Those expensive gallons of high-test will be sucked up fairly quickly (one every eight miles or so) by a four-valve-per-cylinder V-12 found more often in a Countach Quattrovalvole. Massive filters residing under the huge hood bulges feed clean air to six dual-barrel Weber carburetors, and the result is 455 hp, 35 hp more than in the low-slung, exotic sports car. Despite its weight, the LM002 hustles to 60 mph in only 7.7 seconds and on to a top speed of 118 mph, according to contemporary road tests. Those figures were mind-blowing twenty years ago, and they're still impressive by today's truck standards.
Speaking of modern trucks, the LM002 outweighs the Hummer H3T Alpha four-door pickup featured elsewhere in this issue by 1700 pounds despite being almost twenty inches shorter in length. The Lambo and the H3T share more than their four-door-pickup layout, though-they're actually distant cousins.

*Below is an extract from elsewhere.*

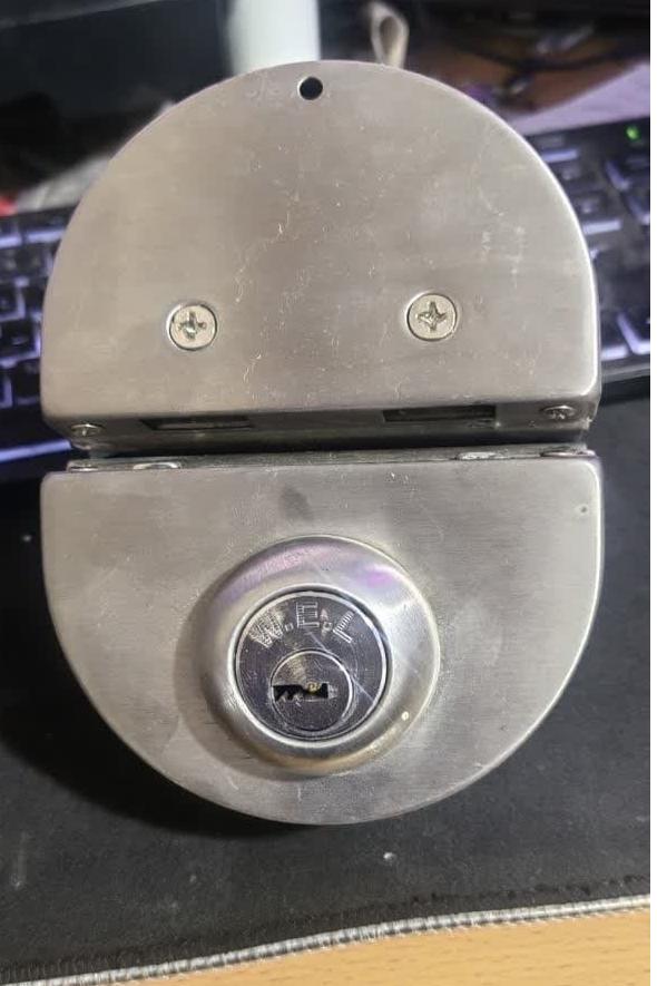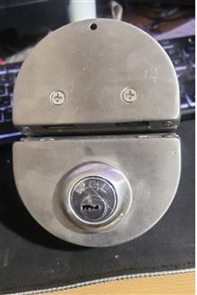قفل درب شیشه سکوریت مناسب مغازه ها ، کاملا سالم با  کلید
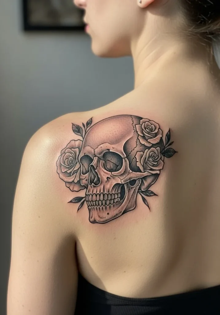 This shoulder blade tattoo brings together a detailed skull and beautifully shaded roses for a classic mix of grit and elegance. The black and grey shading highlights the cracked surface of the skull while the roses soften the overall look with their delicate petals and leaves. The placement on the upper back gives it room to breathe, allowing the tattoo to stretch naturally across the shoulder without feeling crowded.

As a direct descendant of the Lamborghini Cheetah, the comedic LM002 is the result of a pretty serious family drama. The Cheetah, presented at the 1977 Geneva auto show, was a prototype off-road military vehicle that used a rear-mounted Chrysler V-8 engine. Its biggest problem, other than an unfortunate tendency to become airborne at high speeds, was that it was suspiciously similar to the FMC XR311-another vehicle under development for military use. FMC threatened Lamborghini with legal action, and work on the Cheetah was stopped. The program for which these vehicles were conceived also produced the HMMWV, which was sold to the public as the H1, which eventually begat the Hummer brand.
A few years after the Cheetah's smoke cleared, Lamborghini recognized a growing interest in military hardware and continued development of the LM, albeit for civilian consumption in the Middle East and elsewhere. The result is the Rambo Lambo, as it's been nicknamed, that you see here. The big, butch LM sold for about $120,000 when it arrived in the U.S. in 1987-about the same price as the Countach that it could easily run over. Even today, the LM002 is expensive, with book values at least twice what a new H3T costs. But times have changed, and while a Hummer is a PR nightmare for all but the most environmentally unconscious, the LM002 remains the ultimate tanklike status symbol. Its hideous fuel consumption, flamboyant excess, and quirky compromises are easily nixed by its Italian heritage, scarcity, and impressive performance. And besides, how can you hate something you can barely describe?
Engine: 5.2L DOHC V-12, 455 hp, 368 lb-ft
Transmission: 5-speed manual
Drive: Rear- and 4-wheel
Suspension, front: Control arms, coil springs
Suspension, rear: Control arms, coil springs
Brakes f/r: Dual caliper discs/drums
Weight: 6780 lb
The LM002 is worth owning for the sound track alone-the Countach V-12 screams bloody murder just keeping up with other cars on the road. Or running them over. The Italian precursor to the Hummer is a blast to drive and fantastic to look at-and you'll never see another one in the Whole Foods parking lot.